HOW TO COMPLETE THIS TASK -
Among the entries below, which lines run from the line with "Black and white" through the line with "mịn trẻ trung."? Retype those, both ends included, exactly and without pictures.

THE DATA -
=======
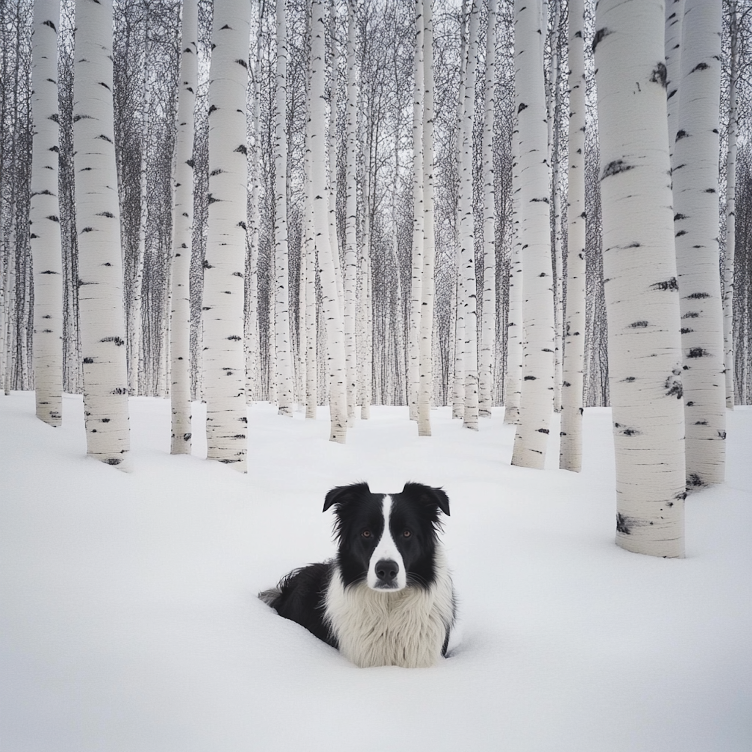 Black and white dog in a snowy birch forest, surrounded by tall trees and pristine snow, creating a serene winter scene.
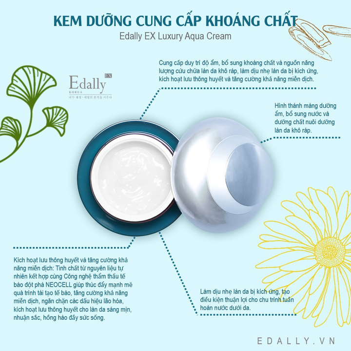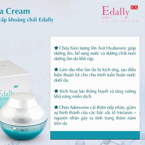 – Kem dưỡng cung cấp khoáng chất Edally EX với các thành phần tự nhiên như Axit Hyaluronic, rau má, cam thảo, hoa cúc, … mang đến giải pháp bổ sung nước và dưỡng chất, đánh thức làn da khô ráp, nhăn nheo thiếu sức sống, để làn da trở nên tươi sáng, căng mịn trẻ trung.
=======
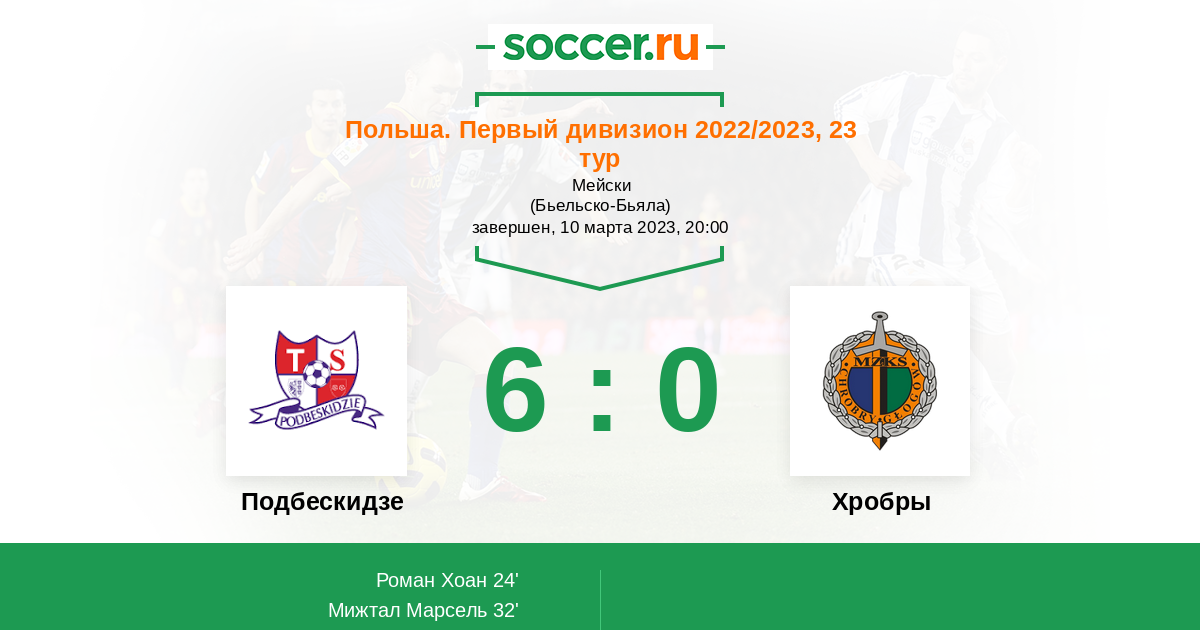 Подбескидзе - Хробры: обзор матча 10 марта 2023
=======
EXERCISE OUTPUT -
 Black and white dog in a snowy birch forest, surrounded by tall trees and pristine snow, creating a serene winter scene.
 – Kem dưỡng cung cấp khoáng chất Edally EX với các thành phần tự nhiên như Axit Hyaluronic, rau má, cam thảo, hoa cúc, … mang đến giải pháp bổ sung nước và dưỡng chất, đánh thức làn da khô ráp, nhăn nheo thiếu sức sống, để làn da trở nên tươi sáng, căng mịn trẻ trung.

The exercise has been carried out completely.